- Born: 12 February 1804 Stäfa, Switzerland
- Died: 4 September 1880 (aged 76) Wetzikon, Switzerland
- Occupations: Industrialist, politician
- Spouse: Johanna Magdalena Huber

= Heinrich Ryffel =

Swiss industrialist and politician (1804–1880)

Heinrich Ryffel (12 February 1804 – 4 September 1880) was a Swiss cotton manufacturer and politician from Stäfa.

== Biography ==

Ryffel was the son of Hans Rudolf, a home worker and innkeeper, and of Regula Köller. In 1828 he married Johanna Magdalena Huber, daughter of Johann Felix, a tanner and manufacturer.

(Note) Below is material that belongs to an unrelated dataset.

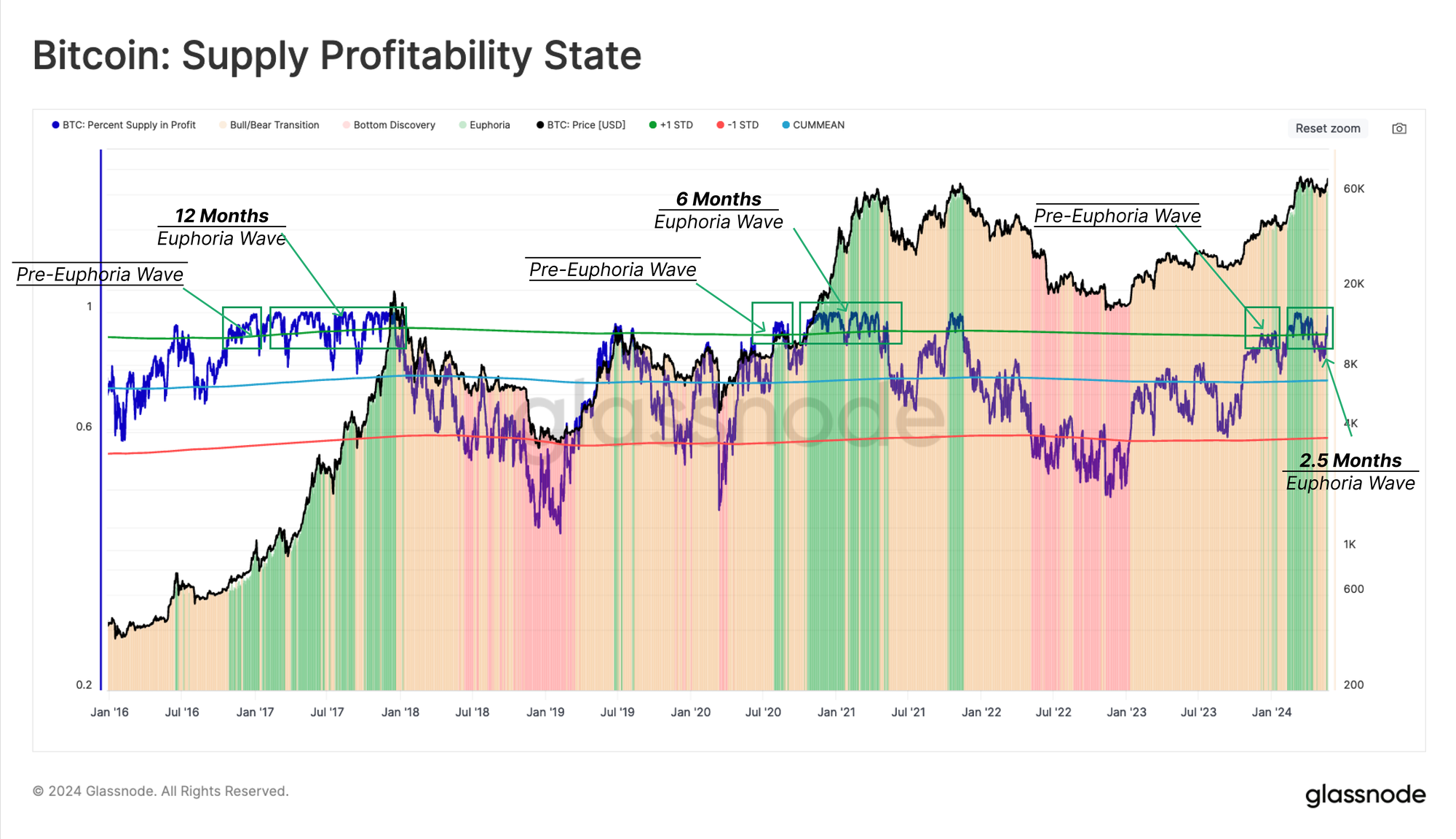 The percentage of the circulating supply in profit provides valuable information over each market cycle, and a set of repeating patterns has emerged. During the early stages of a bull market, as price attempts to reclaim the prior ATH, the percent of supply in profit breaks above its statistical threshold of ~90%. This signals the start of the Pre-Euphoria phase, and it historically entices investors to take profit from the table.

From the age of eight he worked in a factory at Stäfa, and later in Alsace and Basel. As an overseer in the spinning mill of his future father-in-law at Medikon (in the municipality of Wetzikon), he took over the business in 1829. He built a cotton-spinning mill at Glattfelden (1854–1855), which employed 200 people.

A co-founder of the secondary school of Wetzikon (1832), Ryffel was president of its school commission (1851–1872). He was a deputy in the Grand Council of Zürich (1846–1879). A convinced Radical, he campaigned in the 1850s for the construction of a railway line toward Wetzikon.